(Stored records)
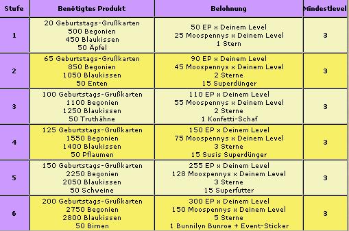 Der Geburtstagskorb für1,99 € wäre zum 1. Eventteil sehr sinnvoll gewesen. Damit hätte man schneller den Anfangsbestand aufstocken können. Jetzt macht er irgendwie keinen grossen Sinn mehr.
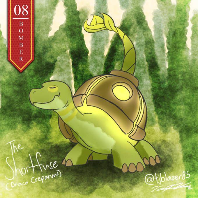 "A common house pet among children. Many enjoy igniting the wick-like plant on its back; causing the Shortfuse to 'sneeze', sending smelly glowing dust through the air. It greatly enjoys this prank."
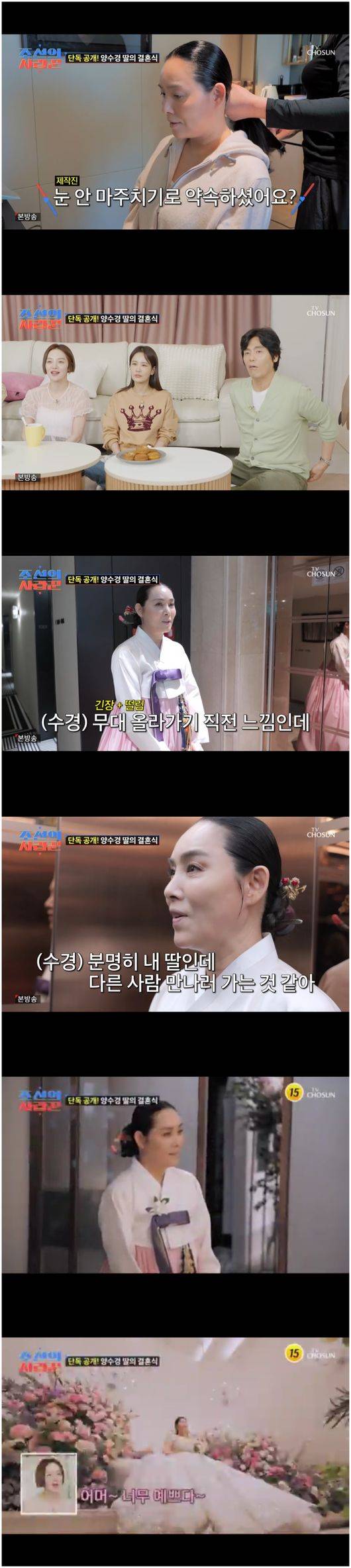 양수경은 "여자들은 결혼할 때, 아기 낳을 때, 엄마가 생각난다고 하는데, 너한테 미안한 게 널 낳지 못해서 미안하다"라며 결혼 전날 눈물을 지으며 딸에게 말했다.
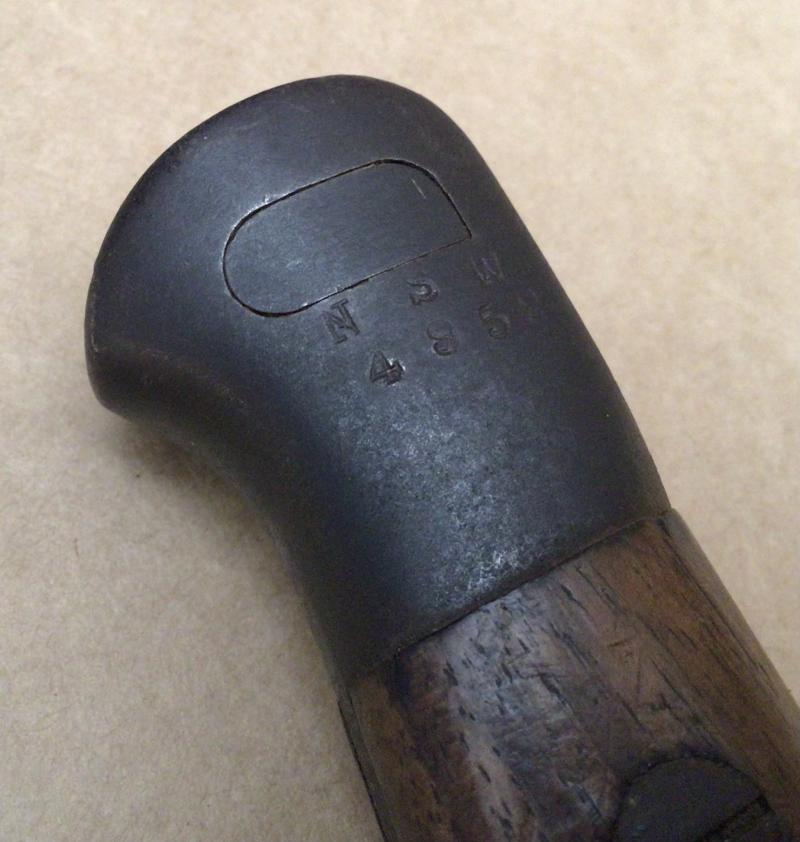 1909 dated blade by Wilkinson. The other side with British inspection and acceptance stamps. overall age tone to the blade otherwise in good condition. Original wood grips in VGC and also with acceptance stamps. Working locking stud. The Pommel stamped " NSW 4952" and the other sie stamped with sold out of service opposing broad arrows.
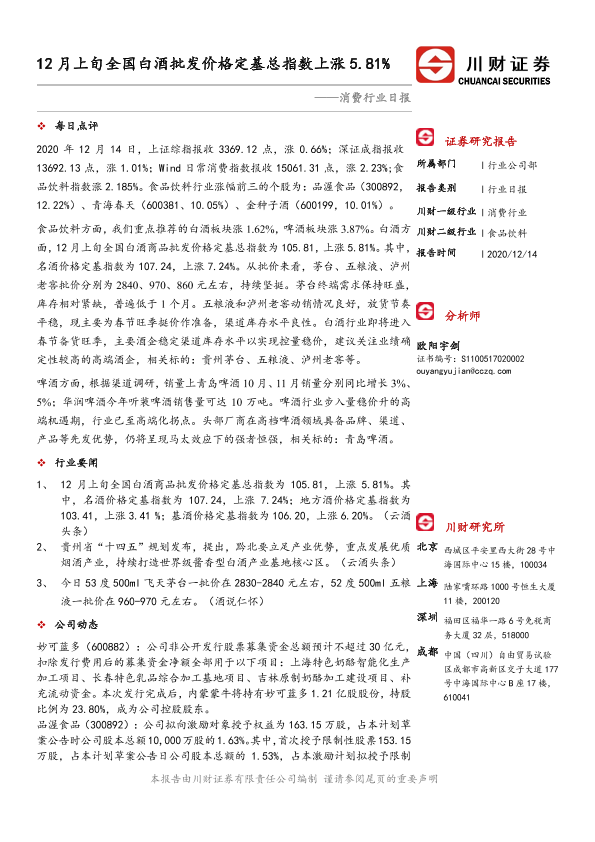 【川财证券】【20201214】12月上甸全国白酒批发价格定基总指数上涨5.81%-3页
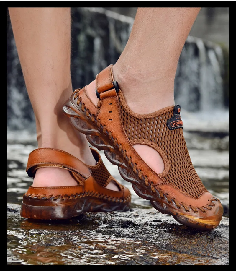 Сандалии мужские сетчатые водонепроницаемые, дышащие Нескользящие пляжные босоножки, повседневная обувь для активного отдыха и походов, кожаные, черные, размер 38-46
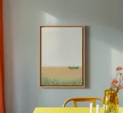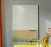 Dit rustige, minimalistische digitale kunstwerk vangt een scène van vredige eenzaamheid. De compositie toont een eenzame visser in een groene boot die over het water glijdt, weergegeven in zachte oranje en perzikkleuren. De voorgrond wordt gedefinieerd door gedetailleerde wilde grassen en oranje bloemen, die een duidelijk contrast vormen met de uitgestrekte, luchtige, gebroken witte achtergrond. Een kleine zwerm rode vogels vliegt door de open lucht en voegt een vleugje leven toe. Deze hoogwaardige digitale poster (7000x5000 pixels, 300 dpi) biedt een rustgevende, Japans geïnspireerde esthetiek die perfect is voor moderne, serene ruimtes.
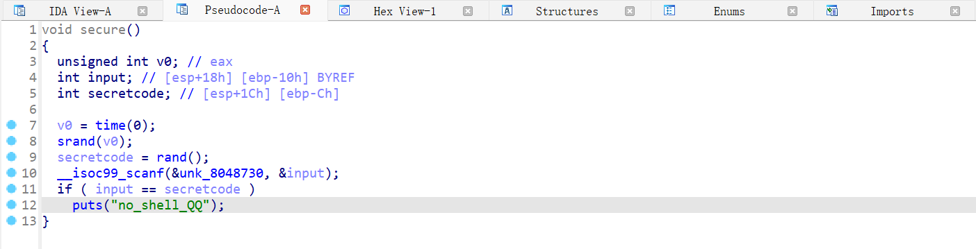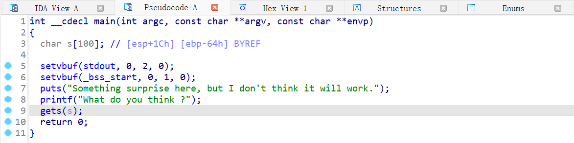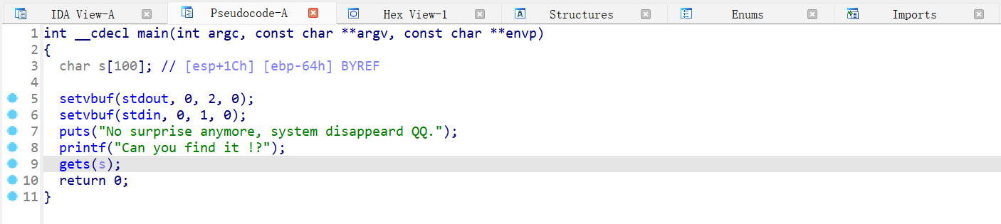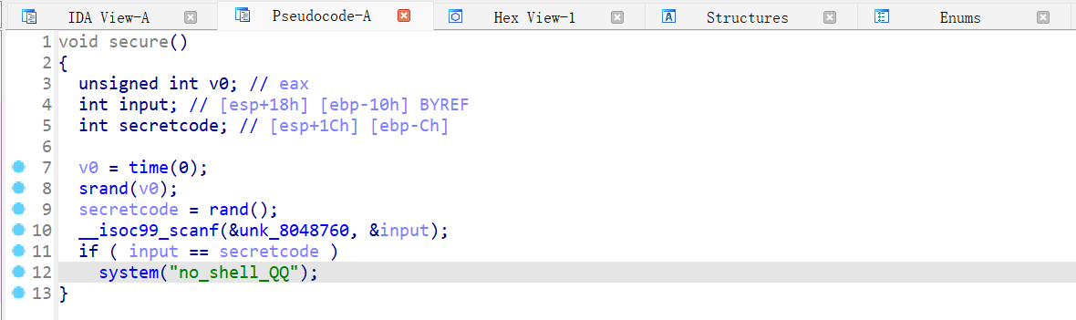 main 函数,gets 函数存在溢出。secure 函数中有 system 函数调用
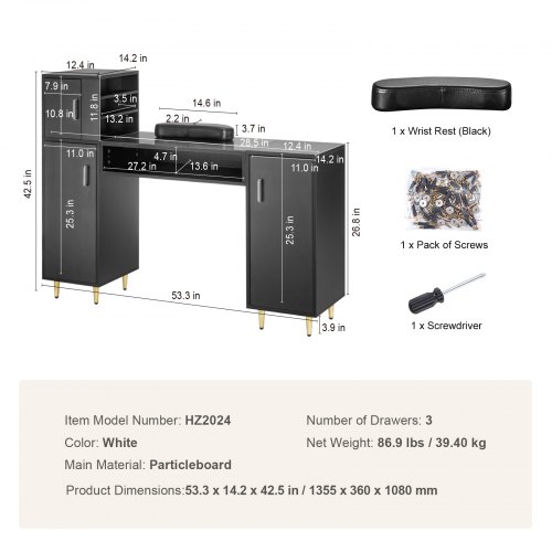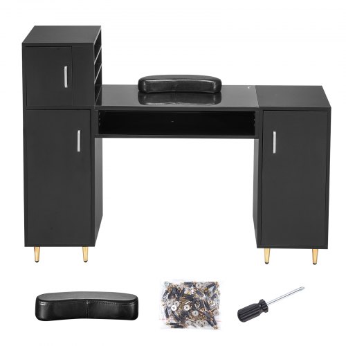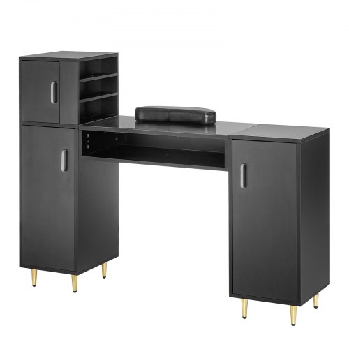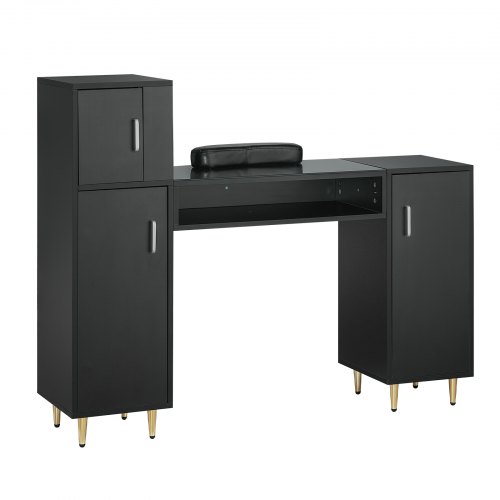 VEVOR Manicure Table, Glass Top Nail Desk, Makeup Dressing Nail Station with Storage Cabinets, Acetone-Resistant Nail Tech Table for Spa Beauty Salon Workstation with Wrist Rest, 8 Metal Legs, Black
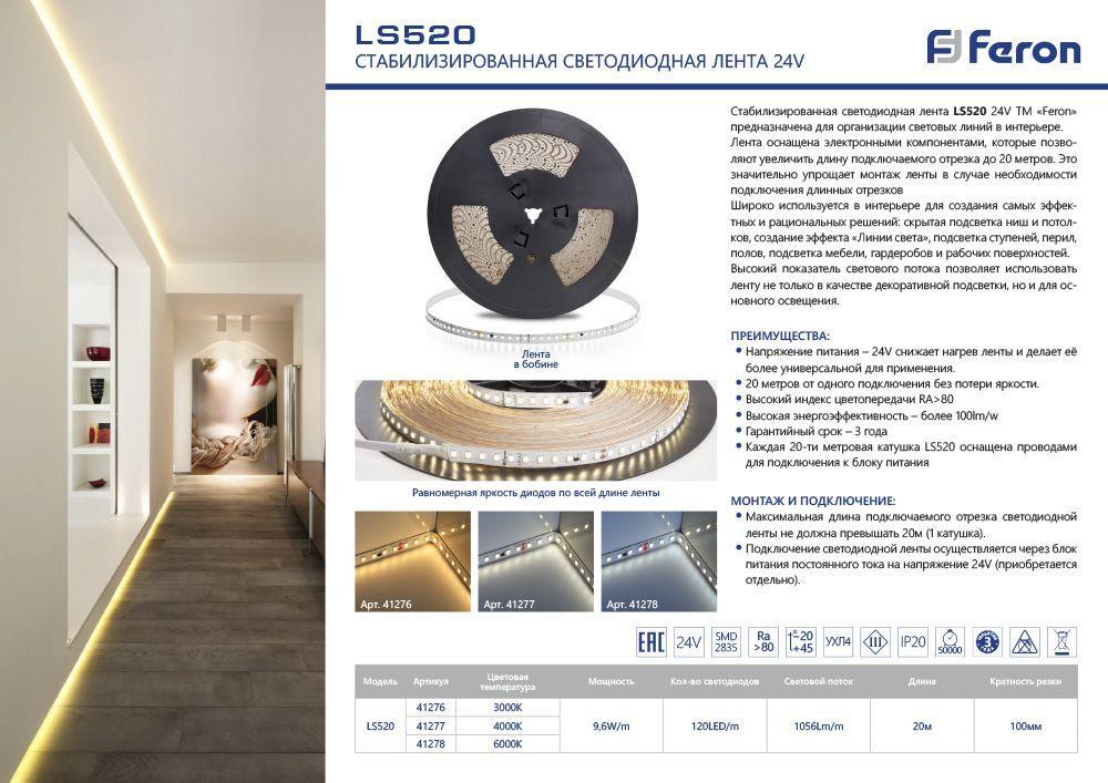 Светодиодная лента Feron 9, 6W/m 120LED/m 2835SMD холодный белый 20M LS520 41278 во Владимире

ACTION ITEM =>
The line that contains "VEVOR Manicure Table, Glass" opens the part to copy, and the last line of the records closes it; set down those lines exactly, pictures excluded.

TASK RESPONSE =>
 VEVOR Manicure Table, Glass Top Nail Desk, Makeup Dressing Nail Station with Storage Cabinets, Acetone-Resistant Nail Tech Table for Spa Beauty Salon Workstation with Wrist Rest, 8 Metal Legs, Black
 Светодиодная лента Feron 9, 6W/m 120LED/m 2835SMD холодный белый 20M LS520 41278 во Владимире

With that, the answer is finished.